Nigerian Cocoa Output Drops To 25-Year Low

FTN cocoa

This is not the best of times for Nigerian cocoa farmers. According to latest data made available to Bloomberg, Nigeria’s cocoa midcrop output is seen falling by as much as 70 percent this year.

Rufus Orosundafosi, a cocoa farmer told Bloomberg by phone that “This season’s midcrop harvest is the worst we have witnessed in the last 25 years. We will not get up to 30 percent of last year’s midcrop yield.”

Output for the midcrop from Orosundafosi’s 120 hectare farm in Idanre fell to 60 tons this year from its average of 370 tons in previous years. A similar trend is being reported across Nigeria’s southwest, which produces about two-thirds of the country’s cocoa, according to Raimi Adetunji, president of the Cocoa Farmers Association of Nigeria.

Nigeria’s two cocoa harvests include the smaller midcrop from April to June, and the main crop from October to December. The midcrop normally accounts for about a third of the country’s output. A prolonged dry spell early this year hurt the development of buds for the midcrop, according to farmers.

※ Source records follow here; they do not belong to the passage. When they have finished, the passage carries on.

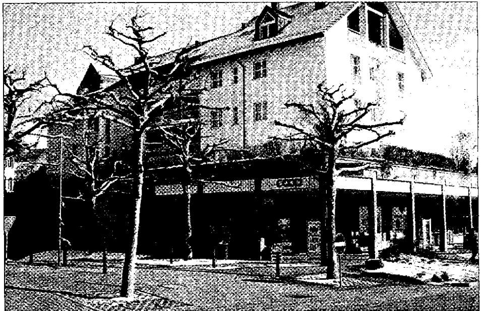
Durch einen Landabtausch mit der Gemeinde konnte Coop das Grundstück im Vordergrund erwerben. Anstelle der heutigen Ausfahrt der Zentrumsstrasse soll hier ein eingeschossiger Erweiterungsbau platziert werden. Die neue Ein- und Ausfahrt und 15 weitere Parkplätze kommen auf die andere Seite zu liegen.

Nicht zuletzt auch auf politischen Druck und durch intensive Verhandlungen dürfte es sich die Basler Zenträle nun doch anders überlegt haben. Aber nicht nur das: es brauchte auch eine Bereinigung der Eigentumsverhältnisse im Niederrohrdorfer Zentrum (siehe «Reussbote» vom 17. Februar 2006). Der abgeänderte Gestaltungsplan Bremgartenstrasse liegt aktuell ebenfalls bei der Gemeindeverwaltung öffentlich auf. Durch einen Landabtausch mit der Gemeinde konnte Coop das ideale Grundstück für die Erweiterungsbauteile erwerben. Es liegt dort, wo sich heute die Ausfahrt von Zentrumsstrasse und Tiefgarage befinden. Die Ein- und Ausfahrt soll künftig auf der anderen Seite angelegt werden. Entlang dieser fünf Meter breiten Erschliessungsstrasse werden auch 15 neue Parkplätze erstellt. 19 Parkplätze bie-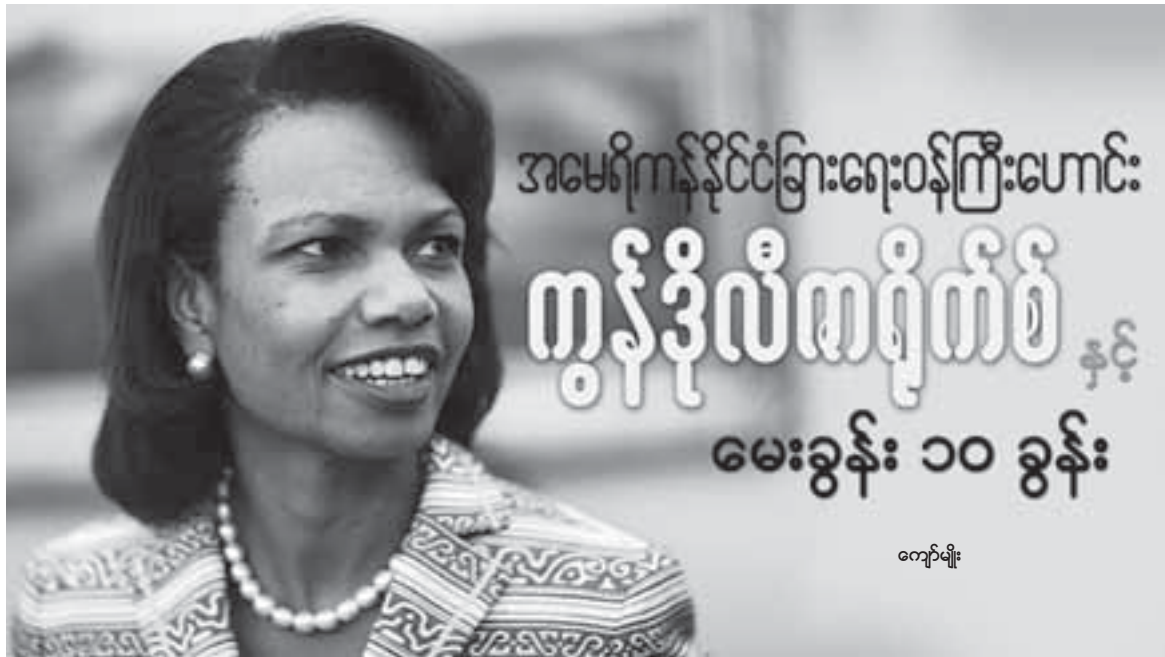
ကျော်မျိုး

ယခင်အမေရိကန်နိုင်ငံခြားရေးဝန်ကြီးဟောင်း တွန့်ခိုလီစာရိုက်စံဟာ သမ္မတဘုရားလက်ထက်မှာ ကျော်ကြားတဲ့ အမေရိကန်အမျိုးသမီးနိုင်ငံရေးသမားများထဲမှာ တစ်ဦးအပါအဝင်ဖြစ်ခဲ့ပါတယ်။ မစ္စရိုက်စ်ဟာ မျိုးရိုးအရလည်း လူမည်းသွေးနေတဲ့ အာဖရိကန်-အမေရိကန်နွယ်ဖွားတစ်ဦးဖြစ်ပြီး စစ်အေးခေတ်အတွင်း ကြီးပြင်းလာခဲ့သလို ဆိုဗီယက်ယူနီယံ အကြောင်းလေ့လာကာ ဆိုဗီယက်ရေးရာ ကျွမ်းကျင်သူတစ်ဦးအဖြစ်လည်း လုပ်ကိုင်လာခဲ့သူဖြစ်ပါတယ်။ ဒါ့အပြင် မစ္စရိုက်စ်ဟာ ရာထူးက အနားယူခဲ့ပေမယ့်လည်း အဆင့်မြင့် ထိပ်တန်းသံအမတ်တစ်ဦးဖြစ်ခဲ့တဲ့ သူမရဲ့ ကမ္ဘာ့ရေးရာအမြင်တွေကလည်း အလေးထားဖွယ်ဖြစ်နေပါပြီ။ ယခုဖော်ပြလိုက်တာကတော့ တိုင်းမမဂ္ဂဇင်းကြီးမှာ ပါဝင်နေကျဖြစ်တဲ့ မေးခွန်း ၁၀ ခုကဏ္ဍမှာ စာဖတ်ပရိသတ်များမေးပြီး မစ္စရိုက်စ်ကဖြေထားတဲ့ အဖြေများပါ။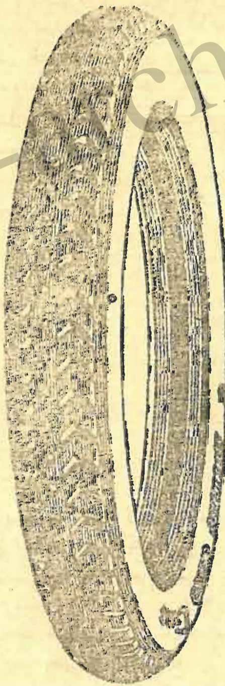
محل فروش خيابان اسلامبول مفازه حبي آقا رحيم زاده

از جهت جنس و دوام در اولين درجه واقع است امتحان کنيد تا مطمئن شويد خيابان لاله زار مفازه شرکت پلايه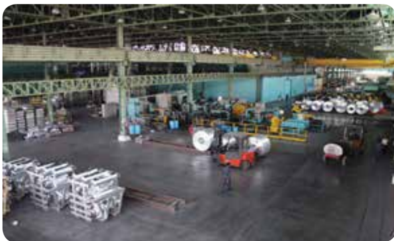
شکل ۴۷-۵- کارخانه آلومینیوم هزار کرمان

در کنار این ارقام، وجود چندین شهرک صنعتی در کرمان و شهرستان‌های دیگر چرخه عظیم فعالیت‌های اقتصادی استان را به گردش در آورده‌اند.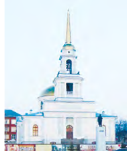
Церковь, в которой крестили П.И. Чайковского

Nigeria is the world’s biggest cocoa producer after Ivory Coast, Ghana and Indonesia, with a government-estimated output of 350,000 tons in the 2013-14 season. The International Cocoa Organization estimates Nigeria’s output at 240,000 tons for the same period.

Year-on-year exports declined continually through the midcrop season, according to figures compiled by ports and shipping companies’ agents in the country’s main port of Lagos. Shipments fell 12 percent in April, 31 percent in May and 65 percent in June, the figures showed.